Die Verteilung begann am 14. Januar 2026 mit dem ersten Frachter zu dem Flughafen von Holguín, und seitdem ist die Hilfe auch auf dem Seeweg angekommen: Ein Schiff mit sieben Containern legte im Februar in Santiago de Cuba an, und fünf zusätzliche Container trafen im April ein mit mehr als 3.500 Modulen für Lebensmittel, Hygieneartikel und Haushaltsgegenstände.
Am 8. Mai berichtete Cáritas Cuba, dass 82% der ersten Spende umgesetzt wurden, während die restlichen 18% für diesen Monat vorgesehen sind. Damit profitieren 8.800 Familien in Santiago de Cuba, Holguín, Las Tunas, Bayamo und Guantánamo.
Der kubanische Regime hingegen minimierte öffentlich die Unterstützung. Der stellvertretende Außenminister Carlos Fernández de Cossío beschrieb sie als „einzelne Tüten mit Lebensmitteln und Hygieneartikeln“ sowie andere Materialien, die, so seine Worte, „immer dankbar angenommen werden“.

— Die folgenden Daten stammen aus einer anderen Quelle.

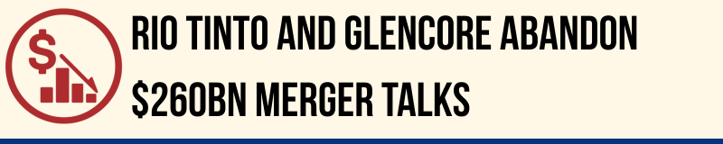 Rio Tinto and Glencore have abandoned plans for a $260bn merger that would have created the world’s largest mining group, ending more than 18 months of intermittent talks. Both companies said they failed to reach agreement before a regulatory deadline, citing differences over valuation and governance.

Vereinigte Staaten haben ihr Engagement um 6 Millionen Dollar erhöht, wodurch sich die Gesamtverpflichtung auf 9 Millionen erhöht, während Rubio bis zu 100 Millionen Dollar anbieten konnte, vorausgesetzt, die Verteilung erfolgt über Nichtregierungsorganisationen oder religiöse Einrichtungen, die unabhängig vom kubanischen Staat sind.